Leave out the images and repeat every entry below exactly.
---- Dataset records
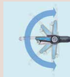
ベルト角度が自由に調整できます。
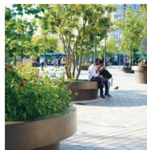
URNOR MED BLOMMOR OCH FLERSTAMMIGA SMÅTRÄD © Streetlife
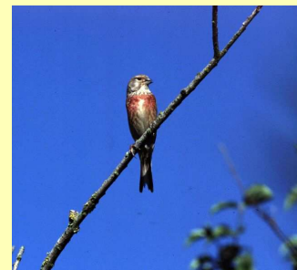
Mâle de linotte mélodieuse
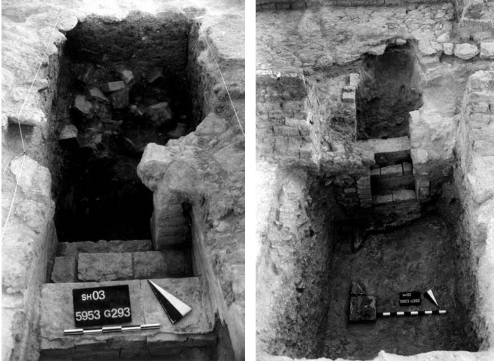
Abb. 1-2: Antik gestörte Gruft 03/28 aus gebrannten Ziegeln
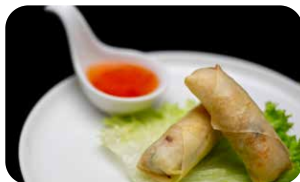
005 Thai maki involtino fritto ripieno di glass noodles, gamberi*, citronella, black fungus, germogli di soia € 6.00 🌾 🍷 🌿
--------
▶ **Exercise solution**:
ベルト角度が自由に調整できます。
URNOR MED BLOMMOR OCH FLERSTAMMIGA SMÅTRÄD © Streetlife
Mâle de linotte mélodieuse
Abb. 1-2: Antik gestörte Gruft 03/28 aus gebrannten Ziegeln
005 Thai maki involtino fritto ripieno di glass noodles, gamberi*, citronella, black fungus, germogli di soia € 6.00 🌾 🍷 🌿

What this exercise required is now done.